The sight of the women gyrating freely to the jankanu and punta music is compelling. One cruiser in her sixties covers a nervous smile with her brochure while a man wearing a matching windbreaker flushes from pasty to ruddy in the space between drumbeats. “Reminds me of ah, some tribes I’ve seen in Nigeria and West Africa,” comments the cruise director woodenly.
After several minutes, visitors file past cooking and crafts demonstrations before inspecting the gift shop and reboarding their air-conditioned caravan for a tour of Punta Gorda. An unscientific survey indicates that only one in five is brave enough to try the fresh, crispy cassava bread.
As the first group leaves, another shiny van pulls up outside. Looking younger than his 40 years, Leiba folds his arms and leans against a stout support pole, relaxing for the first time this morning. The Yubu center is a partnership between expat entrepreneurs and local residents, and nearly 300 tourists will pass through today to sample unique aspects of Garifuna culture. It’s Leiba’s job to make sure things run smoothly; insect control is but one brushstroke in the Big Picture.
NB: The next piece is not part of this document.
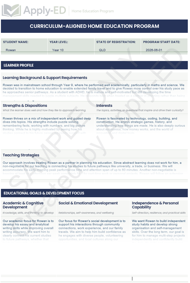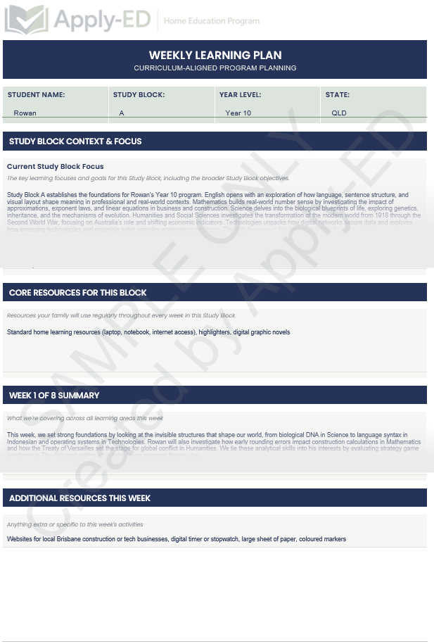 Programs at this level include a strategic mix of advanced academic targets and pathway-focused goals that support your teen's future direction. The structure heavily emphasises self-directed study and independent time management.

Leiba, like most of the 2,000 residents of Punta Gorda, is descended from Afro-Caribbeans stranded on Roatan by British colonialists. Also known as Garifuna, this group traces back to captive Africans who swam ashore after a shipwreck near St. Vincent and assimilated with local Arawak Indians. In short order, these kalipuna, or “cassava eaters,” grew to dominate the region. In 1793, Leiba’s forebears were the first indigenous group in the Caribbean to compel the British to sign a treaty recognizing their sovereignty. This uneasy peace endured until 1795.
“They could not keep us under control,” Leiba says with a bright smile. “Garifuna had their own language, and the British could not understand what we were saying and thinking.” After killing leader Joseph Chatoyer, the British rounded up approximately 5,000 of the darkest-skinned “Black Caribs” and put them aboard ships bound for Roatan, a few hundred miles west. Only 2,000 survived the voyage.
Food shortages and poor living conditions made island life hard, leading many Garifuna to petition Spanish authorities for permission to sail to the Honduran mainland. In need of cheap labor, the Honduran governor was only too happy to approve. Even today, Garifuna leave Roatan to make a living. Says Leiba, “we have people that live off of fishing, there are people that work in an office, and then guys that go to sea – a lot of captains, mates and officers work overseas. That’s how we maintain – people that live in other countries helping the community.”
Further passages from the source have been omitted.